======== EXERCISE INPUT ========
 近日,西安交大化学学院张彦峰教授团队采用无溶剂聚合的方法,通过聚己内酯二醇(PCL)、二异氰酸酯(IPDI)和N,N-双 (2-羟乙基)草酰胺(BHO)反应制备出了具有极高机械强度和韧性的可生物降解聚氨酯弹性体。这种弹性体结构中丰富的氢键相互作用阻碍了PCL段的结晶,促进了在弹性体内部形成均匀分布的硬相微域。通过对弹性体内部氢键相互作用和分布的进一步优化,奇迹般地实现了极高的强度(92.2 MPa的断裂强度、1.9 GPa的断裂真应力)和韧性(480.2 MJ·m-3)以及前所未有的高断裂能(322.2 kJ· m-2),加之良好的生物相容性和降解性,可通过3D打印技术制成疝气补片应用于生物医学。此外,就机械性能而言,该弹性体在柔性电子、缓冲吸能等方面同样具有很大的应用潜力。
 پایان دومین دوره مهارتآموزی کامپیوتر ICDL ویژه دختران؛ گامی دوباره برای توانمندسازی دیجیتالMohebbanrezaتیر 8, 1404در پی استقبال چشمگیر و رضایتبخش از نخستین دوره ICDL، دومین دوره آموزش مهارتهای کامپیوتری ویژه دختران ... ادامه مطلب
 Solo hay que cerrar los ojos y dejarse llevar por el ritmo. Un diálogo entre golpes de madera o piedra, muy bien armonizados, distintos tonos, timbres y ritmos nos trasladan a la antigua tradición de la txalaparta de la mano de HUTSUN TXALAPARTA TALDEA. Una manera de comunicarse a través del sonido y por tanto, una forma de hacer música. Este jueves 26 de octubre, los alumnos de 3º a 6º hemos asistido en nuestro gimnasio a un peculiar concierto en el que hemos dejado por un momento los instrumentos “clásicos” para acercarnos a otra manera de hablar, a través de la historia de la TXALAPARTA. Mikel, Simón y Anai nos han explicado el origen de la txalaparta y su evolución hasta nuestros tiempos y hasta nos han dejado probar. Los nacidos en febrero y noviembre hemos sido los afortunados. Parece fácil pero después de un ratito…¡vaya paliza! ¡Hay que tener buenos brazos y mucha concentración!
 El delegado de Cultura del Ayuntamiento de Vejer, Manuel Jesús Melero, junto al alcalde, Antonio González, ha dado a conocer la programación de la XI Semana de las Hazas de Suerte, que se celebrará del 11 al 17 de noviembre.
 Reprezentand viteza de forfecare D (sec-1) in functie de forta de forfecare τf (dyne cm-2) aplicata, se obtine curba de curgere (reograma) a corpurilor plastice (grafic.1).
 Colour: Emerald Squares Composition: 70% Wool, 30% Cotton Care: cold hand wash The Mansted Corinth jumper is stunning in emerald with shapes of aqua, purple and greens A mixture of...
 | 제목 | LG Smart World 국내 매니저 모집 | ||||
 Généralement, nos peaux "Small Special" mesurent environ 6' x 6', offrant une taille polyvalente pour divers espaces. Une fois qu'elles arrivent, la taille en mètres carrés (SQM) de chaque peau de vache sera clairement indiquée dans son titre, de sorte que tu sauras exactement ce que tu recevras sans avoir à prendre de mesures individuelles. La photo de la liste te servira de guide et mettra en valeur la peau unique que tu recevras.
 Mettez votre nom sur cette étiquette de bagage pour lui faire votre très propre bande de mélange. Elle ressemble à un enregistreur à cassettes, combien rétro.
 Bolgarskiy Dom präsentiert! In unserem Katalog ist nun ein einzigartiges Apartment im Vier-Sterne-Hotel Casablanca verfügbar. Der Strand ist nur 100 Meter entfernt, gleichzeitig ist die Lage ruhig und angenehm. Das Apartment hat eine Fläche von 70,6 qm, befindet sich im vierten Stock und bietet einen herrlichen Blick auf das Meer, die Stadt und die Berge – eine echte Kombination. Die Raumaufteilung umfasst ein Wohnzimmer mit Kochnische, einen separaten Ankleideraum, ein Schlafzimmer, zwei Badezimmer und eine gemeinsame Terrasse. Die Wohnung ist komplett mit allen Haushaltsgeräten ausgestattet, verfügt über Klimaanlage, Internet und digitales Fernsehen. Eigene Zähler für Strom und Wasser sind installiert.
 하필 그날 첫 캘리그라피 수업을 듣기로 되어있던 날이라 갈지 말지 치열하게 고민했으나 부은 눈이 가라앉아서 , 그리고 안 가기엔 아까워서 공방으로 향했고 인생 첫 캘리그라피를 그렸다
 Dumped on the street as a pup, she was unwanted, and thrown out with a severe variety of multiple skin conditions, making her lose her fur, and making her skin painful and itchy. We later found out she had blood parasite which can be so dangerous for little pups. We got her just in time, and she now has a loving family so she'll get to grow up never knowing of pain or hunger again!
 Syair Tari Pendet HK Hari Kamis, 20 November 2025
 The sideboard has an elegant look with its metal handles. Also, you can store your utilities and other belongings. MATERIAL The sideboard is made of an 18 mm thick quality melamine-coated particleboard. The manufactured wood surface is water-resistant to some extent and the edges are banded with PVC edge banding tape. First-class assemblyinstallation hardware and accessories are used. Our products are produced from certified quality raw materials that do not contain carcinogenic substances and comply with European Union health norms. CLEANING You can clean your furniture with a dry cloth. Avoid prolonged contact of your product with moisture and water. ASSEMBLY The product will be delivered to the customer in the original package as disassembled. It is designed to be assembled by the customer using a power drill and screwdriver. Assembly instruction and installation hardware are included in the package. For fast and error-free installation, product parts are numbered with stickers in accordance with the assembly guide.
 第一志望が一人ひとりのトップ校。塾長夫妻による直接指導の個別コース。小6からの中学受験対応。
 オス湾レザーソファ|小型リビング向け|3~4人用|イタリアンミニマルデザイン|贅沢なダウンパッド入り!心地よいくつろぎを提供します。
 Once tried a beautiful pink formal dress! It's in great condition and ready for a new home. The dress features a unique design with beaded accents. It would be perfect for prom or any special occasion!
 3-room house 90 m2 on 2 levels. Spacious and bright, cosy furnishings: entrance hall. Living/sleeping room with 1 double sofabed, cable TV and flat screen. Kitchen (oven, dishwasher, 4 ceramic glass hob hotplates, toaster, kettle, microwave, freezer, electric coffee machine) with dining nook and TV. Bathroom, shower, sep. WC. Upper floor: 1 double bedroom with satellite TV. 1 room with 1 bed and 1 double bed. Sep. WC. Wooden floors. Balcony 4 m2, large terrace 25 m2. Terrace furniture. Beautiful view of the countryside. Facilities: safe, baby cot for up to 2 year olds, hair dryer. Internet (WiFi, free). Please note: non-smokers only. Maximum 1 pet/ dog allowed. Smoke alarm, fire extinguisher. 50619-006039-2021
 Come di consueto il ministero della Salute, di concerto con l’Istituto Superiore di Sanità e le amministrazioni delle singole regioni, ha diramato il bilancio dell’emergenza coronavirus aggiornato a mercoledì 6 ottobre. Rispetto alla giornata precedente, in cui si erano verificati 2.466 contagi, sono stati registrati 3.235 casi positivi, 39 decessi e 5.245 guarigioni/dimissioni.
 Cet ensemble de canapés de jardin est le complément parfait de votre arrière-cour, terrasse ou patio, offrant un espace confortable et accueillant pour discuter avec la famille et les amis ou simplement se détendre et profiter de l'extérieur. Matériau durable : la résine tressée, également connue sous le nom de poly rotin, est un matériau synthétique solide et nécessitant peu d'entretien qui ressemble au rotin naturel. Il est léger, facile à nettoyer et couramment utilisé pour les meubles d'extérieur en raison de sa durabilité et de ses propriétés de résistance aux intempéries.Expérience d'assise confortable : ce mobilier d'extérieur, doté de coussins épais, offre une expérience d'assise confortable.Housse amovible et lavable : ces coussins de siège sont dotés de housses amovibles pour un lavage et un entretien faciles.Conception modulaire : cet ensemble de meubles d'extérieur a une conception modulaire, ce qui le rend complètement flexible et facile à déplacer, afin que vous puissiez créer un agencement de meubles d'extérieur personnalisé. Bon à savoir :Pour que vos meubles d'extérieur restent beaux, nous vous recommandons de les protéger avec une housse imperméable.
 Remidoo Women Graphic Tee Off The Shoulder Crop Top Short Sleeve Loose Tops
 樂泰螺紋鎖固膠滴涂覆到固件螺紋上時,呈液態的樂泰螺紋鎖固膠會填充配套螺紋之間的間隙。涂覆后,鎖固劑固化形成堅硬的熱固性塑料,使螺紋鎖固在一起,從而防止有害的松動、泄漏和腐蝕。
========
▶ REQUIREMENT
Take the line holding "Come di consueto" and the lines after it through the end of the entries. Retype them exactly and add nothing.

▶ REPLY TO THE TASK
 Come di consueto il ministero della Salute, di concerto con l’Istituto Superiore di Sanità e le amministrazioni delle singole regioni, ha diramato il bilancio dell’emergenza coronavirus aggiornato a mercoledì 6 ottobre. Rispetto alla giornata precedente, in cui si erano verificati 2.466 contagi, sono stati registrati 3.235 casi positivi, 39 decessi e 5.245 guarigioni/dimissioni.
 Cet ensemble de canapés de jardin est le complément parfait de votre arrière-cour, terrasse ou patio, offrant un espace confortable et accueillant pour discuter avec la famille et les amis ou simplement se détendre et profiter de l'extérieur. Matériau durable : la résine tressée, également connue sous le nom de poly rotin, est un matériau synthétique solide et nécessitant peu d'entretien qui ressemble au rotin naturel. Il est léger, facile à nettoyer et couramment utilisé pour les meubles d'extérieur en raison de sa durabilité et de ses propriétés de résistance aux intempéries.Expérience d'assise confortable : ce mobilier d'extérieur, doté de coussins épais, offre une expérience d'assise confortable.Housse amovible et lavable : ces coussins de siège sont dotés de housses amovibles pour un lavage et un entretien faciles.Conception modulaire : cet ensemble de meubles d'extérieur a une conception modulaire, ce qui le rend complètement flexible et facile à déplacer, afin que vous puissiez créer un agencement de meubles d'extérieur personnalisé. Bon à savoir :Pour que vos meubles d'extérieur restent beaux, nous vous recommandons de les protéger avec une housse imperméable.
 Remidoo Women Graphic Tee Off The Shoulder Crop Top Short Sleeve Loose Tops
 樂泰螺紋鎖固膠滴涂覆到固件螺紋上時,呈液態的樂泰螺紋鎖固膠會填充配套螺紋之間的間隙。涂覆后,鎖固劑固化形成堅硬的熱固性塑料,使螺紋鎖固在一起,從而防止有害的松動、泄漏和腐蝕。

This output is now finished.